# Work instruction:
Please restate word for word all lines from the one containing "Открытая планировка кухни" to the final line of the entries, and include no pictures.

(Extracted records)
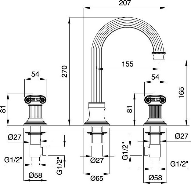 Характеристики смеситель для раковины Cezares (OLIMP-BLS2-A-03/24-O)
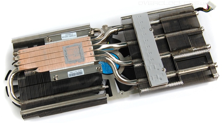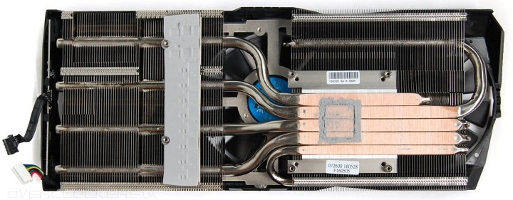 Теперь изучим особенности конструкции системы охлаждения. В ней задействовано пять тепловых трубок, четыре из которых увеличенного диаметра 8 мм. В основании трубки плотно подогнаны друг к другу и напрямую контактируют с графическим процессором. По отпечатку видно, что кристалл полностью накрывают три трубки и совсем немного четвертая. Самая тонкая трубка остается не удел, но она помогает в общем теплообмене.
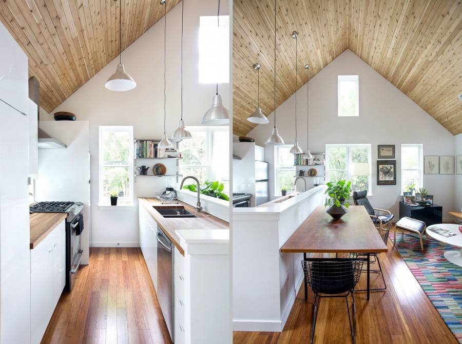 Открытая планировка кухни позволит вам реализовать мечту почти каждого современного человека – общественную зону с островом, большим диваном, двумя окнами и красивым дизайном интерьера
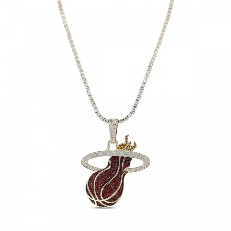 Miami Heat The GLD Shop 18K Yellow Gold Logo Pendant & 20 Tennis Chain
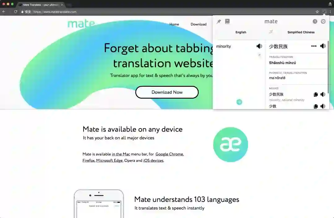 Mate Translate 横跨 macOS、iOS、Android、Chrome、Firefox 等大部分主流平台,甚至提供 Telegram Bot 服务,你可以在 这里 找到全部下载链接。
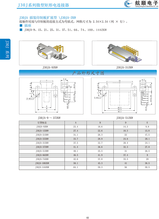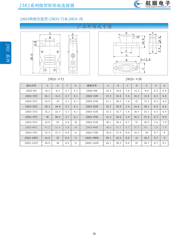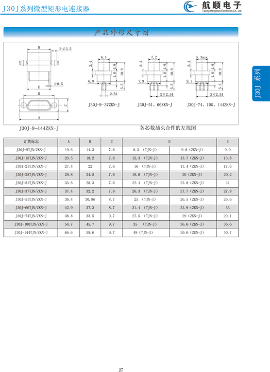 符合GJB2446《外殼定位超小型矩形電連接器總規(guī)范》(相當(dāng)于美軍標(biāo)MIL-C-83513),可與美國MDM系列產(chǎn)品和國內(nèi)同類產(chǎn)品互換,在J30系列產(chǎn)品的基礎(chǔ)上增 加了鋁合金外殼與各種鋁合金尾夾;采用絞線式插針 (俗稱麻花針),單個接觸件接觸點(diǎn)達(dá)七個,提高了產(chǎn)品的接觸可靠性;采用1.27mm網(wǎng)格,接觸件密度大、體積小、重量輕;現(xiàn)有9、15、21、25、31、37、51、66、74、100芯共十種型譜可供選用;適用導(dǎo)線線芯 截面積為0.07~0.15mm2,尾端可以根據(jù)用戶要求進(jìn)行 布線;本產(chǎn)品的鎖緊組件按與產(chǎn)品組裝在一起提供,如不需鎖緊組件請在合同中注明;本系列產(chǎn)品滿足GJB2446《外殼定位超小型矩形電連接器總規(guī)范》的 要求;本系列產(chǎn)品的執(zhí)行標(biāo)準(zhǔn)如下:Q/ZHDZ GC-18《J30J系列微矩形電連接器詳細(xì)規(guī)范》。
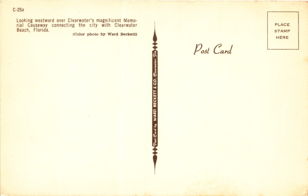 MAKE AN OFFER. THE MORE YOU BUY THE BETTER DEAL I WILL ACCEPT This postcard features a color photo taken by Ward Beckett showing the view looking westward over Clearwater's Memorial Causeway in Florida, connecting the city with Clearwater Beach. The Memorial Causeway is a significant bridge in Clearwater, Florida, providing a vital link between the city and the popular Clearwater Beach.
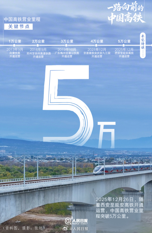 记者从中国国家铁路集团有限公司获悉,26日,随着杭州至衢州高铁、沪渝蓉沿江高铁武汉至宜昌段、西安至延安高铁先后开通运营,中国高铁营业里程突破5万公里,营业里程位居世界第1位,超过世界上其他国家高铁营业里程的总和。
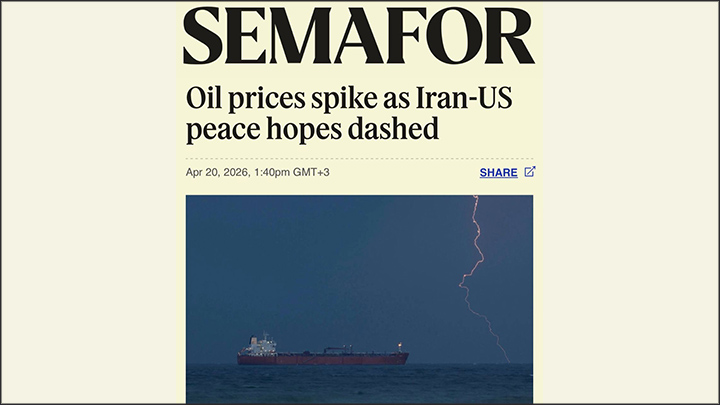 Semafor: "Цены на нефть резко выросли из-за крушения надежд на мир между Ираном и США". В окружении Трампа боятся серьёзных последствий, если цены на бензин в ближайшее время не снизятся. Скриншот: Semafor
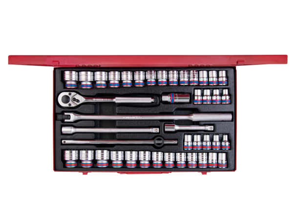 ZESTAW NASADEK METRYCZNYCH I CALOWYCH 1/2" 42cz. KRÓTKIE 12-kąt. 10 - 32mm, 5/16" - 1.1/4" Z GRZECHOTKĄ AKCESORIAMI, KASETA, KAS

# Reply:
 Открытая планировка кухни позволит вам реализовать мечту почти каждого современного человека – общественную зону с островом, большим диваном, двумя окнами и красивым дизайном интерьера
 Miami Heat The GLD Shop 18K Yellow Gold Logo Pendant & 20 Tennis Chain
 Mate Translate 横跨 macOS、iOS、Android、Chrome、Firefox 等大部分主流平台,甚至提供 Telegram Bot 服务,你可以在 这里 找到全部下载链接。
 符合GJB2446《外殼定位超小型矩形電連接器總規(guī)范》(相當(dāng)于美軍標(biāo)MIL-C-83513),可與美國MDM系列產(chǎn)品和國內(nèi)同類產(chǎn)品互換,在J30系列產(chǎn)品的基礎(chǔ)上增 加了鋁合金外殼與各種鋁合金尾夾;采用絞線式插針 (俗稱麻花針),單個接觸件接觸點(diǎn)達(dá)七個,提高了產(chǎn)品的接觸可靠性;采用1.27mm網(wǎng)格,接觸件密度大、體積小、重量輕;現(xiàn)有9、15、21、25、31、37、51、66、74、100芯共十種型譜可供選用;適用導(dǎo)線線芯 截面積為0.07~0.15mm2,尾端可以根據(jù)用戶要求進(jìn)行 布線;本產(chǎn)品的鎖緊組件按與產(chǎn)品組裝在一起提供,如不需鎖緊組件請在合同中注明;本系列產(chǎn)品滿足GJB2446《外殼定位超小型矩形電連接器總規(guī)范》的 要求;本系列產(chǎn)品的執(zhí)行標(biāo)準(zhǔn)如下:Q/ZHDZ GC-18《J30J系列微矩形電連接器詳細(xì)規(guī)范》。
 MAKE AN OFFER. THE MORE YOU BUY THE BETTER DEAL I WILL ACCEPT This postcard features a color photo taken by Ward Beckett showing the view looking westward over Clearwater's Memorial Causeway in Florida, connecting the city with Clearwater Beach. The Memorial Causeway is a significant bridge in Clearwater, Florida, providing a vital link between the city and the popular Clearwater Beach.
 记者从中国国家铁路集团有限公司获悉,26日,随着杭州至衢州高铁、沪渝蓉沿江高铁武汉至宜昌段、西安至延安高铁先后开通运营,中国高铁营业里程突破5万公里,营业里程位居世界第1位,超过世界上其他国家高铁营业里程的总和。
 Semafor: "Цены на нефть резко выросли из-за крушения надежд на мир между Ираном и США". В окружении Трампа боятся серьёзных последствий, если цены на бензин в ближайшее время не снизятся. Скриншот: Semafor
 ZESTAW NASADEK METRYCZNYCH I CALOWYCH 1/2" 42cz. KRÓTKIE 12-kąt. 10 - 32mm, 5/16" - 1.1/4" Z GRZECHOTKĄ AKCESORIAMI, KASETA, KAS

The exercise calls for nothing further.